You can manage your mind in three primary ways:
Let be
Let go
Let in
Rick Hanson
The Autumn Equinox in the Northern Hemisphere.
If you feel like you’re running out of time, read this: You’re not. …there isn’t a designated time in life for anything, and although it’s hard not to, your timeline shouldn’t be compared to the person standing next to you. Just because the timing was right for them, doesn’t mean it would be right for you. There is enough happiness, love, and opportunity to go round, no matter when it happens. Your life shouldn’t feel like a race, because it isn’t one. Where there are fast days, there should be slow days that follow, days where you can reflect and recalibrate because everything you are going through right now is preparing you for the next chapter, every challenge directly informing the decisions that you’re about to make for yourself.
Being present will show you what is worth taking with you along the way as you navigate life because the destination won’t bring you peace unless you let the journey teach you who you are, and just how much capacity you have to experience change, both within yourself and in the world. You aren’t running out of time, so don’t be afraid to slow down. Things fall into place when we create space for them to.
Seyda Noir
Written during the COVID pandemic but can apply to all setbacks and seasons in our lives.
There is a giveaway in all of the apocalyptic sections of the three Synoptic Gospels. In Matthew 24:8, hidden there in the middle of the wars and earthquakes it says, “All this is only the beginning of the birth pangs.” Apocalypse is for the sake of birth not death. Yet most of us have heard this reading as a threat. Apparently, it’s not. Anything that upsets our normalcy is a threat to the ego but in the Big Picture, it really isn’t.

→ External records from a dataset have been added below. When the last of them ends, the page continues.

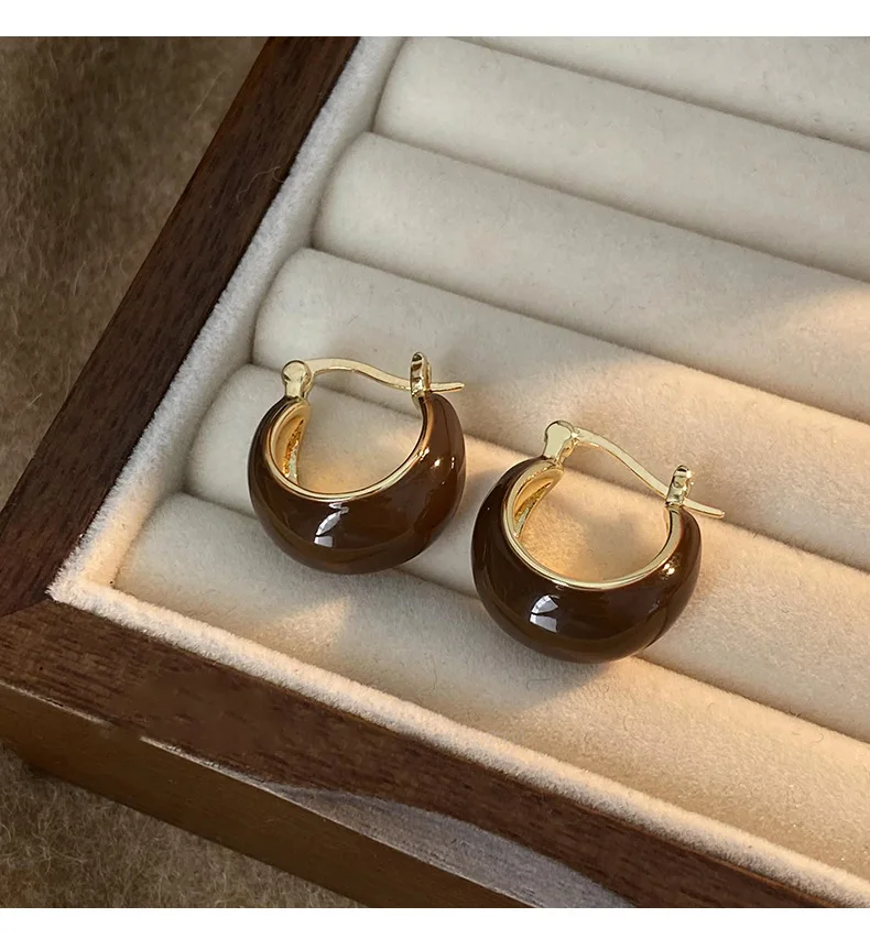 Vintage Dripping Oil U-shaped Earring for Women Simple Hoop Earrings Temperament Personality All-matching Jewelry Female 2025Vintage Dripping Oil U-shaped Earring for Women Simple Hoop Earrings Temperament Personality All-matching Jewelry Female 2025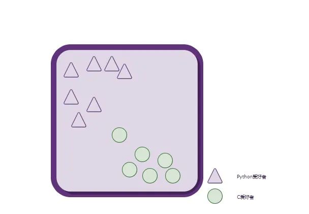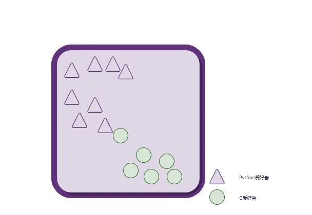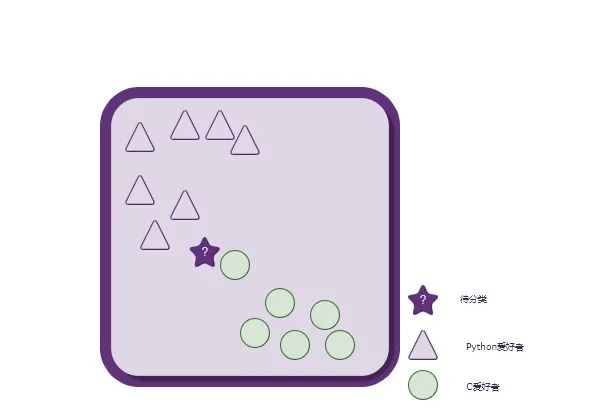 上图中,每一个形状(三角形,圆形)都代表了一个人。总共有两种形状,说明这些人总共可以分为两类:Python爱好者、C爱好者。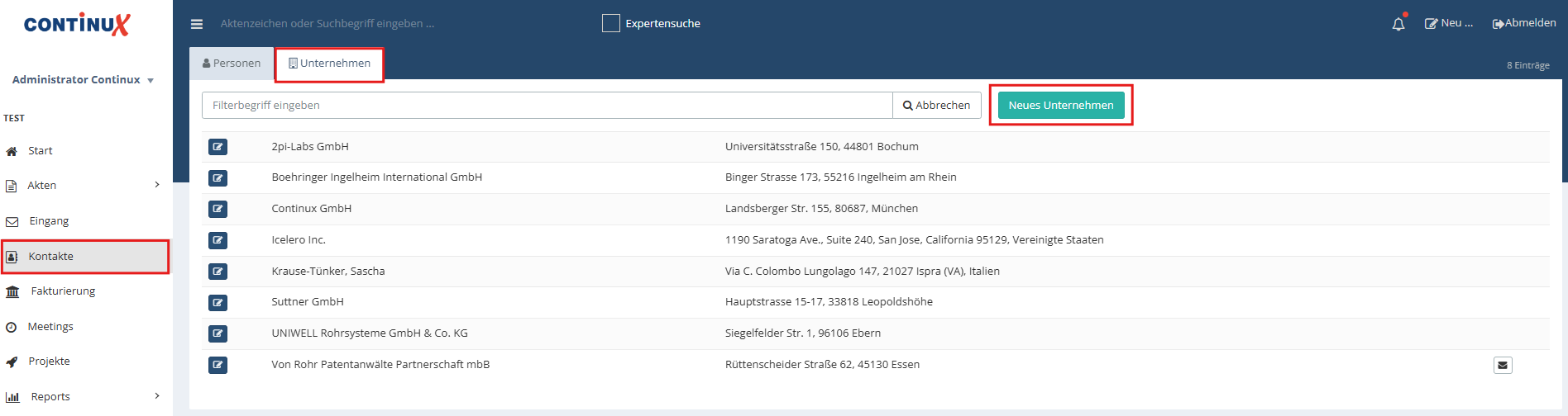 | Unternehmen werden als Kontakte geführt und z. B. als Inhaber, Anmelder oder Auftraggeber in Akten verwendet. Voraussetzung ist, dass das Unternehmen einmalig in den Kontakten angelegt ist. |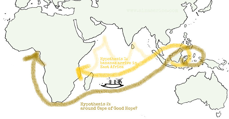 Sin embargo, mientras escarbaba en la bibliografía para saber más del matooke ugandés, me topé con un artículo que me dejó totalmente descolocada. La tesis es bastante simple, si bien sorprendente: ¿y si no hubiesen atravesado sólo el Índico? ¿Y si en realidad llegaron a bordear el Cabo de Buena Esperanza, y navegaron hasta las zonas occidentales africanas que podían acoger el cultivo de bananeros desde un buen principio? (pues no todos los climas van igual de bien a todas las tipologías de plátanos…)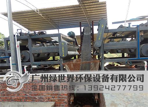 重力脫水區(qū)也可以說是高度濃縮區(qū),預(yù)處理后的污泥經(jīng)污泥泵輸送到混合器中與加入的絮凝劑混合,使污泥絮凝,然后流入布料斗均勻送入網(wǎng)帶,由此開始重力脫水,物料隨濾帶向前運行,游離太水在自重作用下通過濾帶流入接水槽。
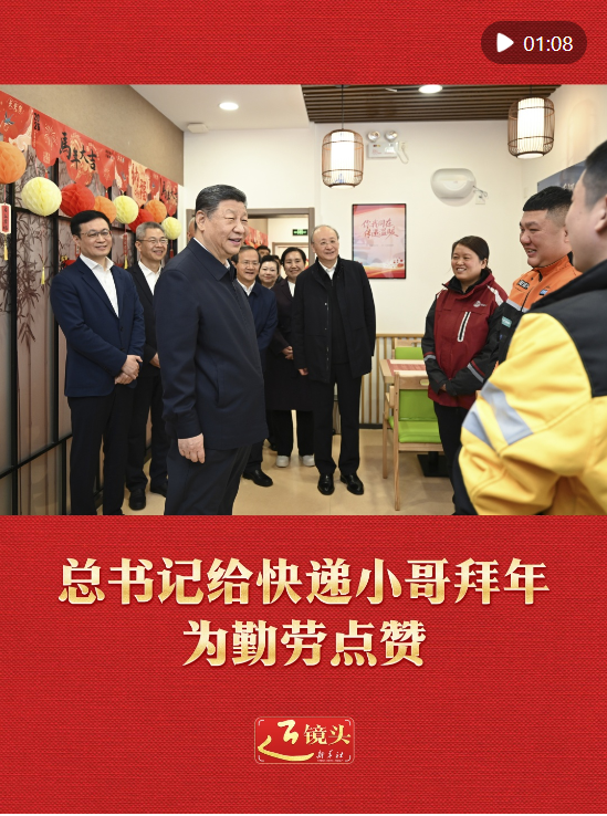 10日上午,習(xí)近平總書記在北京考察調(diào)研,走進(jìn)西城區(qū)新街口街道父母食堂,見(jiàn)到在這里休息的快遞小哥,關(guān)切詢問(wèn)他們的工作和生活,為他們付出的辛勞和作出的貢獻(xiàn)點(diǎn)贊,并給他們拜年。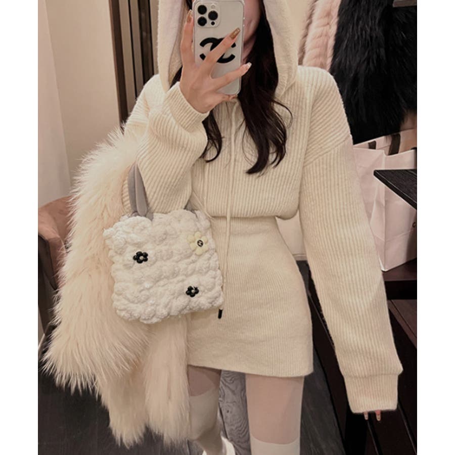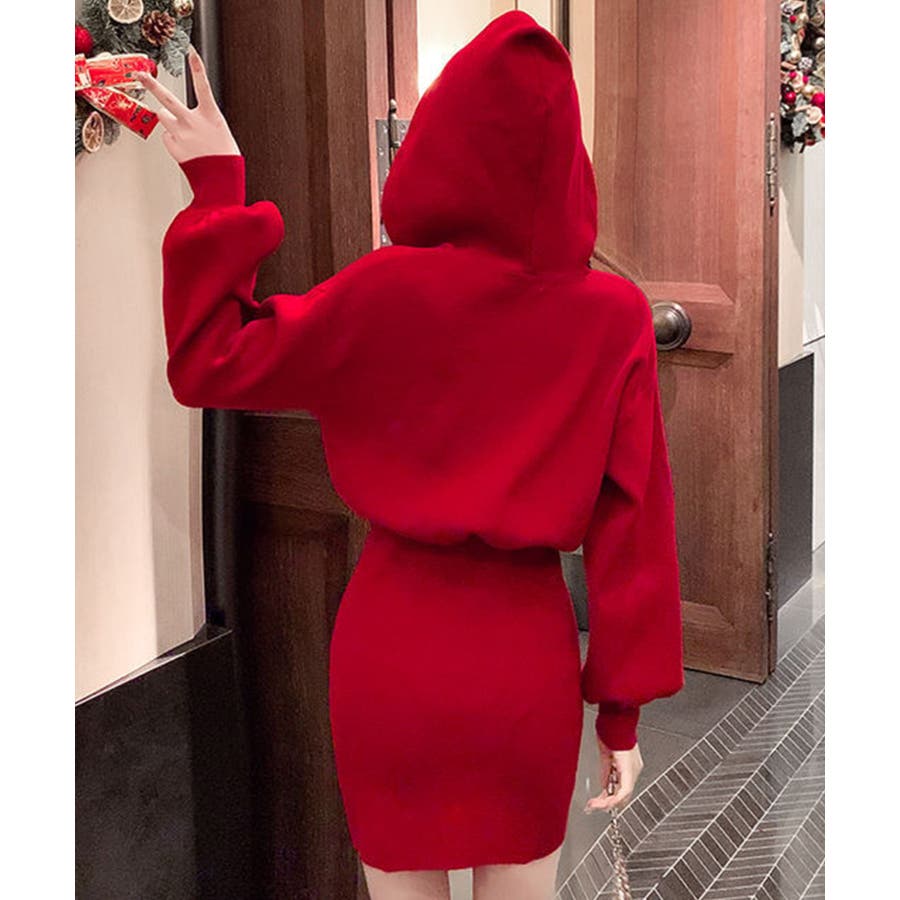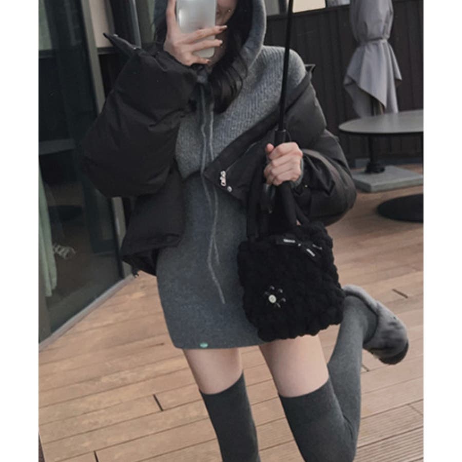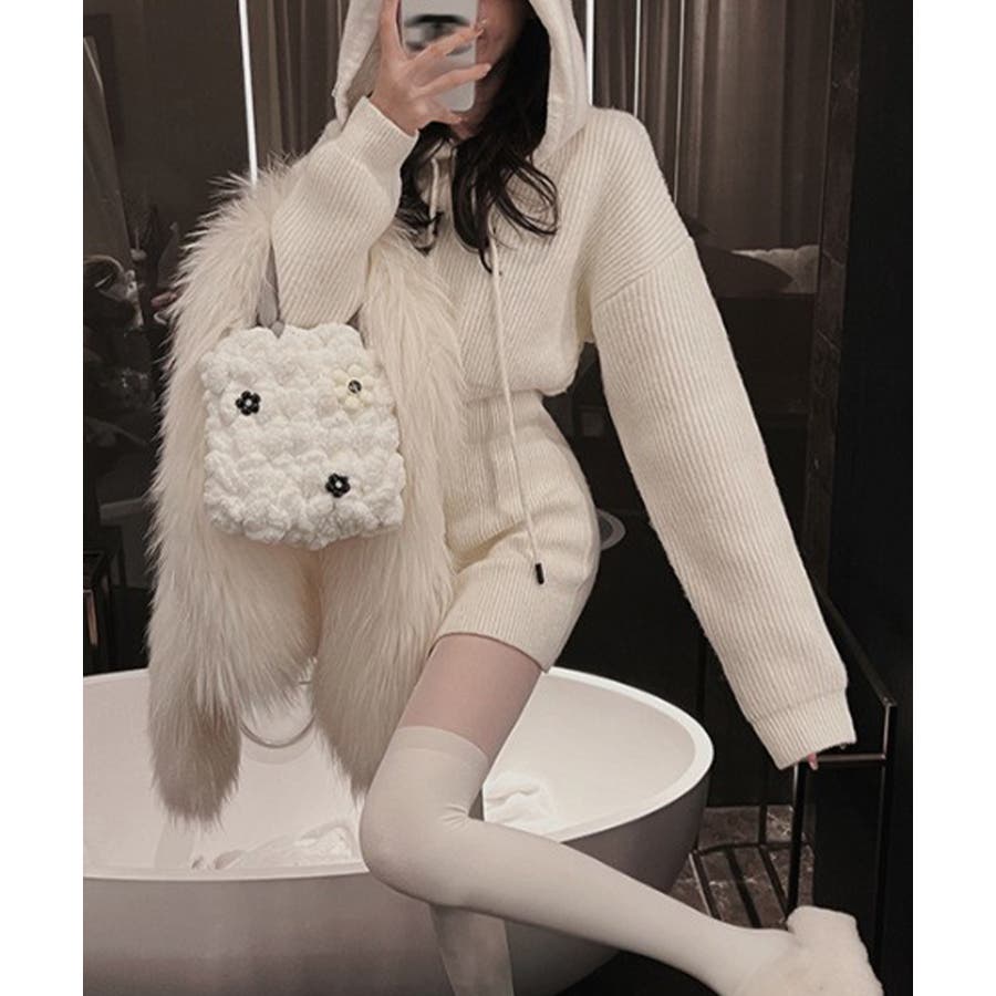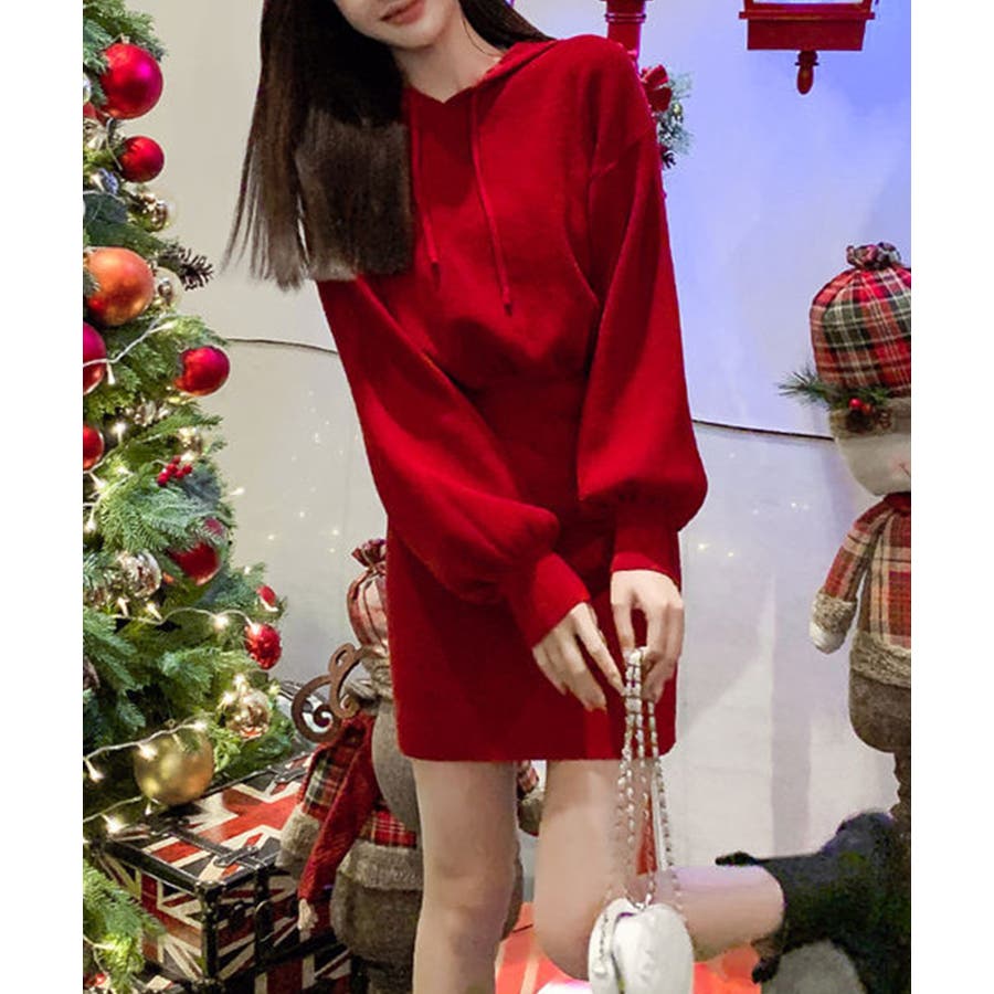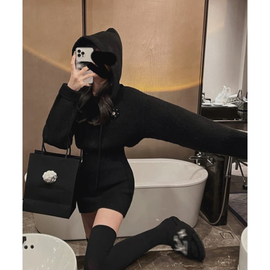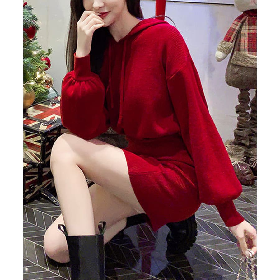 フード付きニットワンピース ミニワンピース 韓国ファッション

In Luke 21, Jesus says right in the middle of the catastrophic description: “Your endurance will win you your souls.” Falling apart is for the sake of renewal, not punishment. Again, such a telling line. In Mark 13, Jesus says “Stay awake” four times in the last paragraph (Mark 13:32–37). In other words, “Learn the lesson that this has to teach you.” It points to everything that we take for granted and says, “Don’t take anything for granted.”
We would have done history a great favor if we would have understood apocalyptic literature. It’s not meant to strike fear in us as much as a radical rearrangement.
It’s not the end of the world. It’s the end of worlds – our worlds that we have created.
Richard Rohr, This is an Apocalypse
All through your life, the most precious experiences seem to vanish. You look behind and see no sign even of a yesterday that was so intense. Yet in truth, nothing ever disappears, nothing is lost. Everything that happens to us in the world passes into us. It all becomes part of the inner temple of the soul and it can never be lost. This is the art of the soul: to harvest your deeper life from all the seasons of your experience.
This is probably why the soul never surfaces fully. The intimacy and tenderness of its light would blind us. We continue in our days to wander between the shadowing and the brightening, while all the time a more subtle brightness sustains us. If we could but realize the sureness around us, we would be much more courageous in our lives. The frames of anxiety that keep us caged would dissolve. We would live the life we love and in that way, day by day, free our future from the weight of regret.